Every onboarding tweak she wanted, a reworded tooltip, one more step, a nudge for users who stalled, was a ticket. The tour lived in the codebase, so changing it meant a pull request, a review, and a deploy. A one-word copy fix took three days and two other people.
The empty room
New users signed up and hit a blank slate. A meaningful share never came back. The team knew the shape of the problem, activation, but the fix always felt like real work: design the flow, get eng to build it, wait for the release train. So the empty room stayed empty, quarter after quarter.
The uncomfortable truth was that onboarding is content, not infrastructure. It changes weekly. It should never have been coupled to the deploy pipeline in the first place.

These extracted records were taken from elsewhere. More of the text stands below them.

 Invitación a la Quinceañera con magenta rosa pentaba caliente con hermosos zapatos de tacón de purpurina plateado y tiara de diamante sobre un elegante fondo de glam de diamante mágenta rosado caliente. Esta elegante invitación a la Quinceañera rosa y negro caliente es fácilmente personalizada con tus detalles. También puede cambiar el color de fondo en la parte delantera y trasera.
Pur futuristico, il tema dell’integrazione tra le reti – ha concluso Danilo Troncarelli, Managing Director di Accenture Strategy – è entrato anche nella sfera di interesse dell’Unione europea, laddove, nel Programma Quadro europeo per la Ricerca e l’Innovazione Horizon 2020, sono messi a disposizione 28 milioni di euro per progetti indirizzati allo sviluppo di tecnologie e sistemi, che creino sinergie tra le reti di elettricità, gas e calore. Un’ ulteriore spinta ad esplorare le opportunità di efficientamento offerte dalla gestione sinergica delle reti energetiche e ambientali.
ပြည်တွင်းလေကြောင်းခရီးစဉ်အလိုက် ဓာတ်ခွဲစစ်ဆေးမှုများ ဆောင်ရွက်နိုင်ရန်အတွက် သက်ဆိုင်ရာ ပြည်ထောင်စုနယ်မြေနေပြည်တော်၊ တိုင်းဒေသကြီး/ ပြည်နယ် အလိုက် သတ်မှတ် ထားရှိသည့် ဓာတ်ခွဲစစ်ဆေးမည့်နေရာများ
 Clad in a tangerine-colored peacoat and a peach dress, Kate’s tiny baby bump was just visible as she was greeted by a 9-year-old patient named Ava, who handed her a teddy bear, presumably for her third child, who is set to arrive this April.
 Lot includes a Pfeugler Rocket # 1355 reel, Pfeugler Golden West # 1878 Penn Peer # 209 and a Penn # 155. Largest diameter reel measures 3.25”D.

Onboarding that needs a deploy
Hand-built tours rot in a specific way. Someone renames a CSS class or moves a button, and the tour that pointed at it silently breaks. Nobody notices until a user reports a tooltip floating in empty space. The tour that was supposed to reduce support load quietly became a source of it.

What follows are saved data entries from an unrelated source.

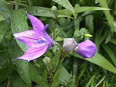 キキョウ(桔梗) その太い根が、韓国ではトラジと呼ばれ、漬物や料理にたくさん使われています。3年以上たった根は、漢方としてのどの痛みに効くそうです。 |
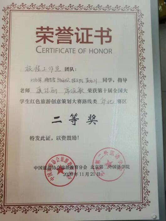 年9月,酒店与旅游管理系学生刘永祥和吴小雨带领的两支队伍参加第十届全国大学生红色旅游创意策划大赛获得路线类华北赛区“二等奖”和生态营销类华北赛区“二等奖”。
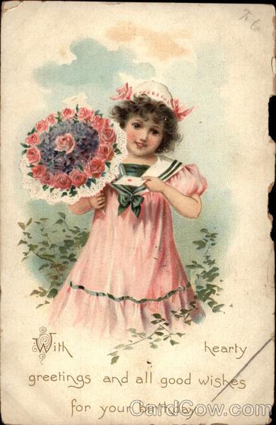 Front: With hearty greetings and all good wishes for your birthday. Back: ARTISTIC lar ater RR No3 Pa
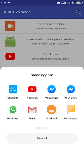 This application will extract application from mobile phone and share with other application of extracted android application.
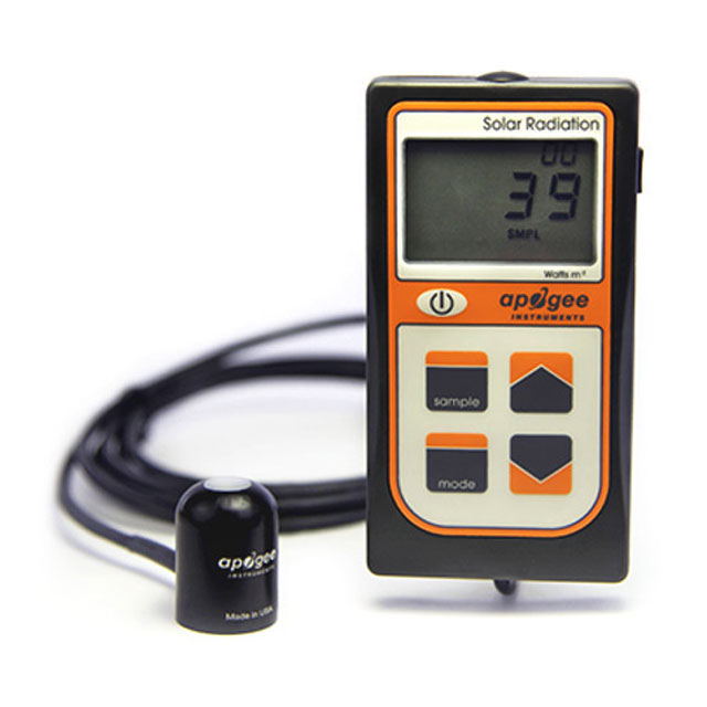 The MP-200 has a hand-held meter, attached via cable, that displays and stores measurements in W m-2. The sensor incorporates a silicon-cell photodiode with a rugged, self-cleaning sensor housing design. Typical applications include shortwave radiation measurement in agricultural, ecological, and hydrological weather networks and solar panel arrays.
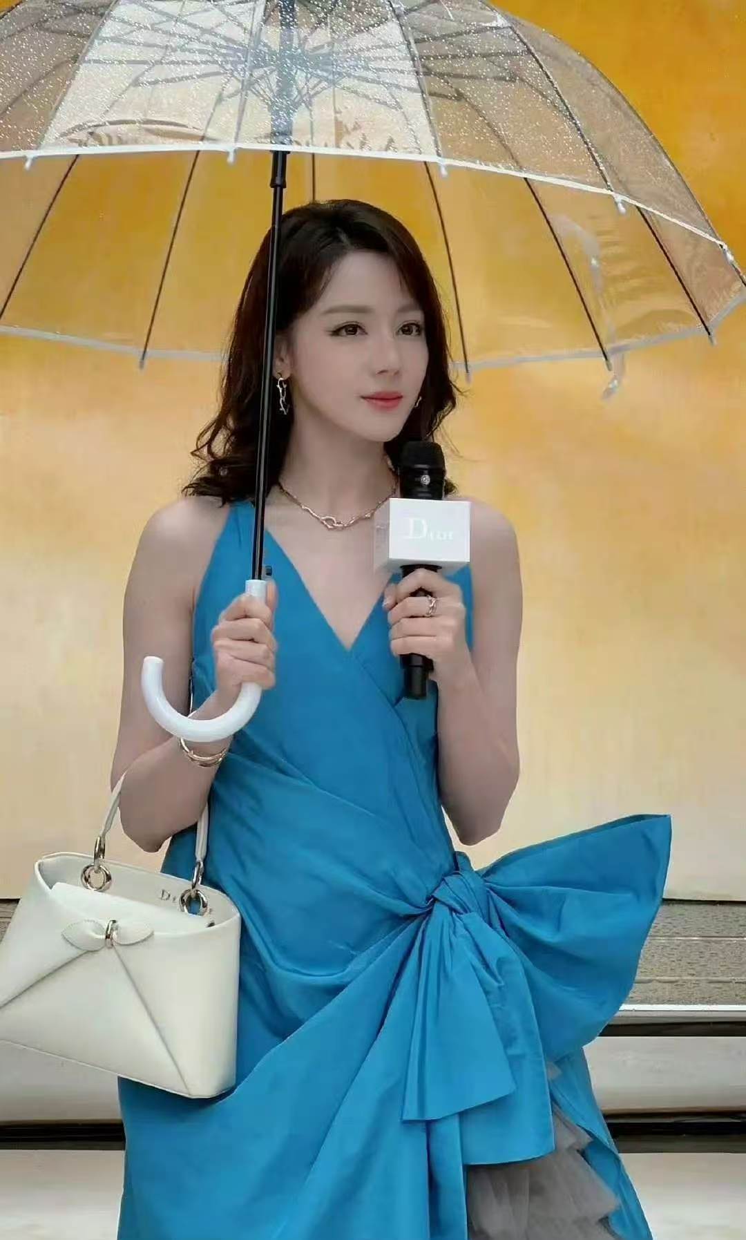 迪丽热巴超大蝴蝶结蓝裙迪丽热巴水波纹湖蓝长裙 迪丽热巴这个蓝裙好美! 线下生图这么牛。
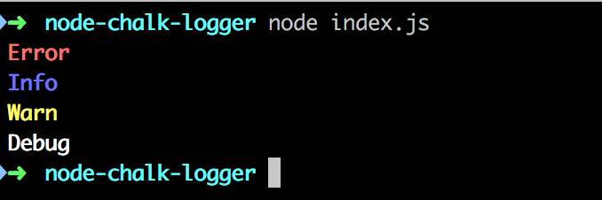 const error = chalk.bold.red const info = chalk.bold.blue const warn = chalk.bold.yellow const debug = chalk.bold.white
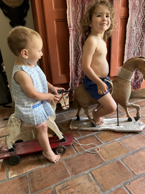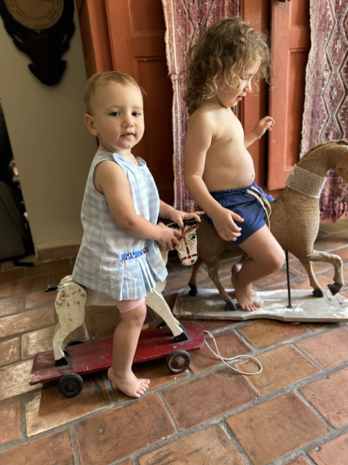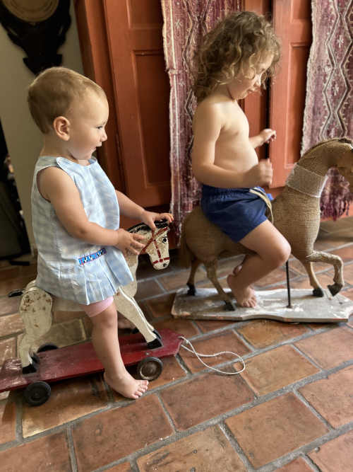 Gabriel and Olivia are not galloping on them. They sit and giggle.

And because every change was a deploy, iteration died. Nadia had a list of onboarding experiments she wanted to run. She ran none of them, because each one cost an engineer a day.
Flows that trigger themselves
She moved onboarding out of the codebase. A guided flow now lives in the dashboard as its own thing: it fires on its own when the trigger matches, a URL like /app/*, a tracked event like project.created, or a manual call from her own code. No update to attach it to, no deploy to change it.
Each flow carries its own audience and its own frequency. Show the welcome tour to new users only, once. Show the “you have not tried this yet” nudge to returning users who never fired the event. The rules that used to be scattered across custom code now sit next to the copy they govern.
Bind once, don’t break
The refactor problem got solved once, at the source. Instead of pointing steps at brittle CSS selectors, the flow points at named elements the app registers: signalpad.registerElement("invite-btn", ref). Move the button, restyle it, wrap it in three new divs. As long as the ref is still registered, the tour still lands. The binding survives the rewrite.
| What you do | Hand-built | Signalpad |
|---|---|---|
| Change the copy | Ship a deploy | Edit in the dashboard |
| Target by plan or segment | Custom code | Built in |
| Trigger on a page or event | Custom code | Built in |
| Survive a UI refactor | Usually breaks | Bound to registered elements |
| Measure completion | A separate tool | Built-in funnel |
The activation curve
Because the same system runs the tour and watches the events, every flow has a funnel: started, each step, completed. When a step bleeds users, Nadia can see exactly which one, and fix the copy that afternoon without asking anyone. Onboarding finally moved at the speed of the person who owns it.
“The tour used to be a quarterly project. Now it’s a Tuesday.”
That is the whole shift. Onboarding stopped being something engineering builds and started being something the product team runs, changes, and measures on its own.